Help Evaluating Complex Numbers

[VertexOperator]

Homework Statement

Evaluate:

Homework Equations

sin\frac{\pi }{7}.sin\frac{2\pi }{7}.sin\frac{3\pi }{7}

The Attempt at a Solution

Using z^{7}-1 got:
cos\frac{\pi }{7}.cos\frac{2\pi }{7}.cos\frac{3\pi }{7}=\frac{1}{8}

 

[micromass]

Seems correct!

 

[VertexOperator]

Seems correct!

But my solution is for the cosine product. How can I find the solution to the question from what I got?

 

[micromass]

Can't you repeat much of the same proof?

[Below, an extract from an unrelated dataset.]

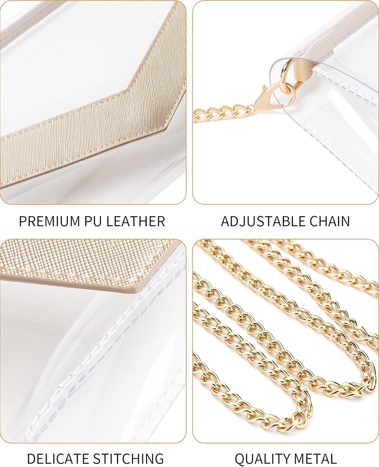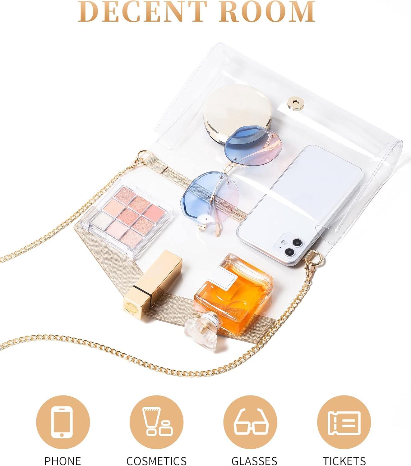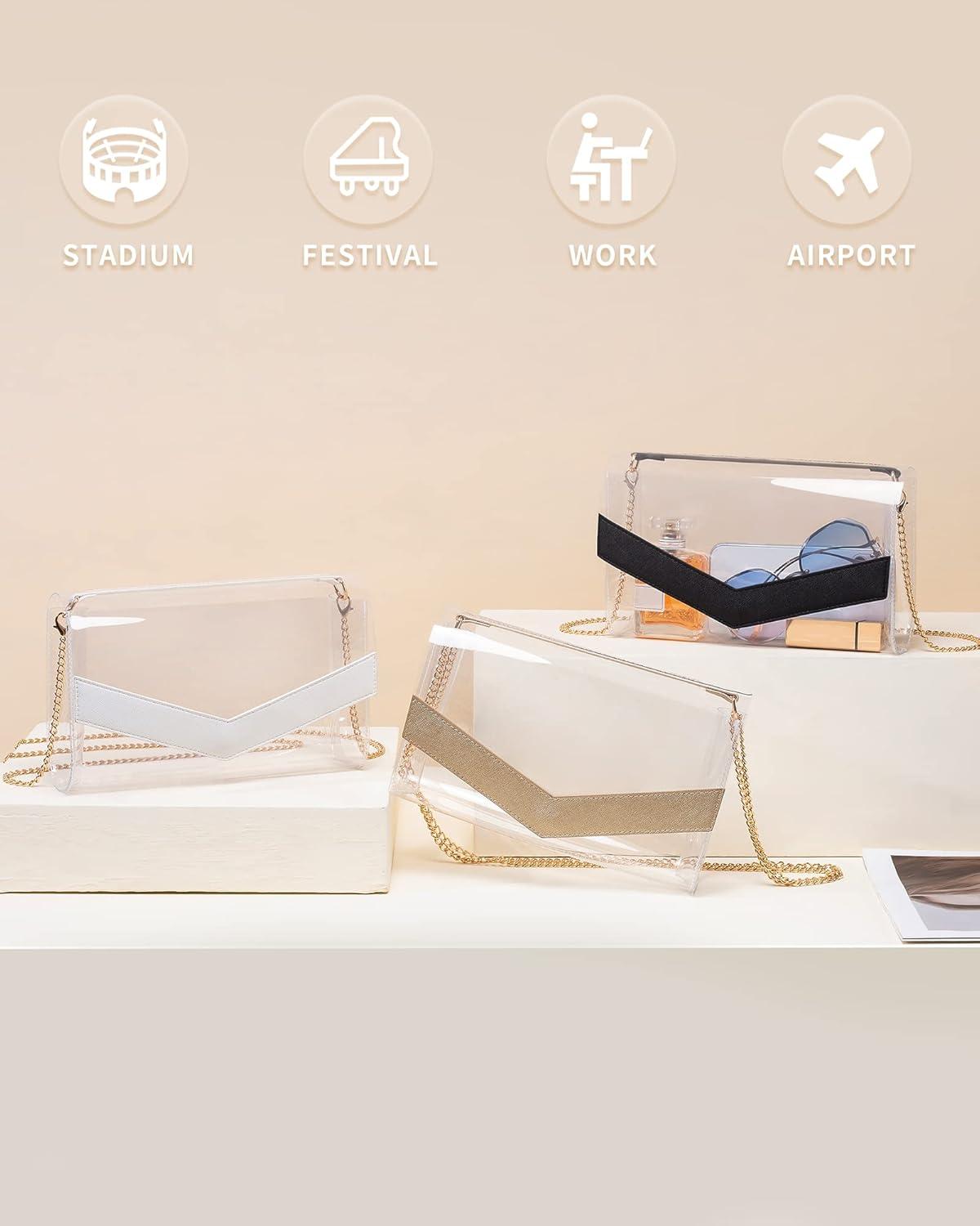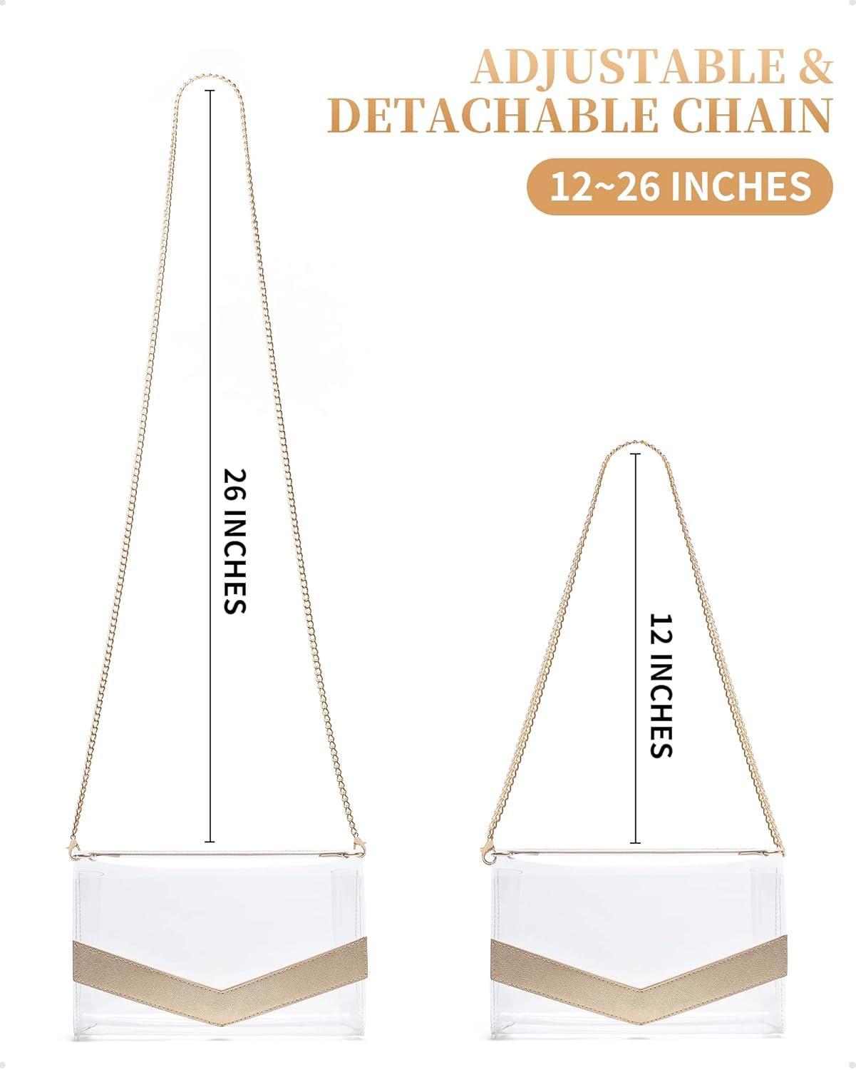 Adjustable & detachable chain: The chain strap of the clear purse is detachable and adjustable which is long enough to wear cross body, you can adjust the chain strap to any size according to your body shape. It also can be used as shoulder bag, crossbody bag, or removed to be brief handbag

Where does it fail?

 

[VertexOperator]

The way I got: cos\frac{\pi }{7}.cos\frac{2\pi }{7}.cos\frac{3\pi }{7}=\frac{1}{8} is by solving the equation z^{7}-1=0
z=1,cis\pm\frac{2\pi }{7},cis\pm\frac{4\pi }{7},cis\pm\frac{6\pi }{7}
w+w^{-1}=cis\frac{2\pi }{7}+cis\frac{-2\pi }{7}=2cos\frac{2\pi }{7}
Similarly;
w^{2}+w^{-2}=-2cos\frac{3\pi }{7}
w^{3}+w^{-3}=-2cos\frac{\pi }{7}
(w+w^{-1})(w^{2}+w^{-2})(w^{3}+w^{-3})=
w^{6}+1+w^{2}+w^{3}+w^{4}+w^{5}+1+w=1
, since w^{6}+w^{5}+w^{4}+w^{3}+w^{2}+w+1=0 \therefore cos\frac{\pi }{7}.cos\frac{2\pi }{7}.cos\frac{3\pi }{7}=\frac{1}{8}
So I don't think I can do the same to get the produce for sine.

 

[micromass]

It might be easier to determine

\prod_{k=0}^6 \sin(k\pi/7)

Do this by expressing the sine as complex exponentials. Also try to make use of the following formula

\frac{z^7-1}{z-1}=\prod_{k=1}^6 (1- \zeta^k)

with \zeta = \cos(\pi/7) + i\sin(\pi/7). Let z go to 1.